Мучимый тщетными поисками, оторванный от привычной обстановки, хозяйства, отчаявшийся в любви, он бродил из города в город, всеми осмеянный у себя на родине и избегаемый на чужбине, жертва своего уязвленного самолюбия и детски чистой веры в справедливость.
Попав в какой-нибудь летний сад или буфф, где танцуют или поют негры, он усаживался в первый ряд и терпеливо ждал окончания спектакля. Когда занавес падал, он отправлялся к актерскому подъезду. Выходил негр — он подходил к нему и, смотря в лицо, говорил сухим голосом:
— Какая черная обезьяна!
Понятно, негр возмущался, и все шло по раз заведенному порядку.
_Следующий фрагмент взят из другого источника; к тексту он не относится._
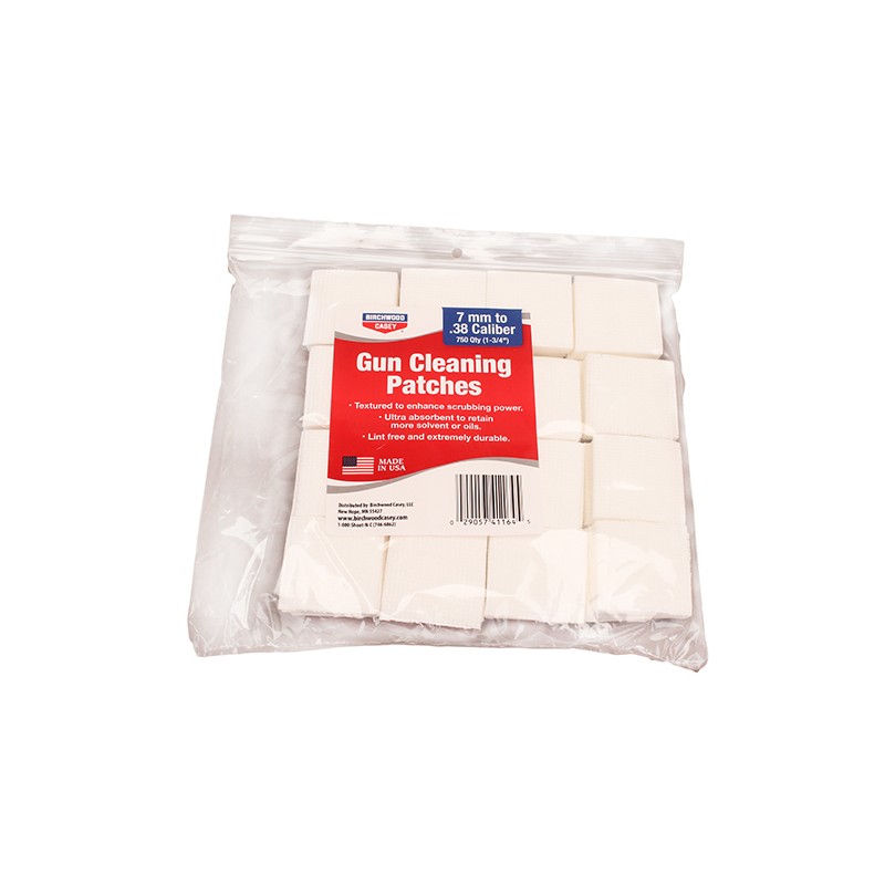 Birchwood Casey's Gun Cleaning Patches offer better features, and a better value, all in an American made product. Our patches feature a durable cross weave pattern that enhances the patches scrubbing power and is entirely lint free. The highly absorbent material holds more oil for better coverage and more solvent for those extra dirty clean up jobs.
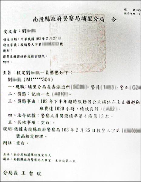 上月29日,陳明怡將埔里警分局一只公文PO網,內容為劉姓警員去年下半年超時服勤1020小時未補休,獲分局記小功1支。

Недавно в Филадельфии один такой негр, оказавшийся атлетом из цирка, на предложение драться, не говоря худого слова, избил барона до полусмерти. Барон застрелил его на другой день и, спасаясь от преследований, принужден был вернуться в Россию. Здесь его арестовали, — закончил приятель мой и снова засмеялся.
— Но что удивительнее всего, — продолжал он, — это то, что баронесса сумела доказать сумасшествие мужа до его ареста и вышла замуж за графа Боржевского; он же назначен опекуном барона, а маленького креола отдали куда-то на воспитание. Как видно, в самом деле не миновать сумасшедшего дома злополучному барону фон-дер-Гац!..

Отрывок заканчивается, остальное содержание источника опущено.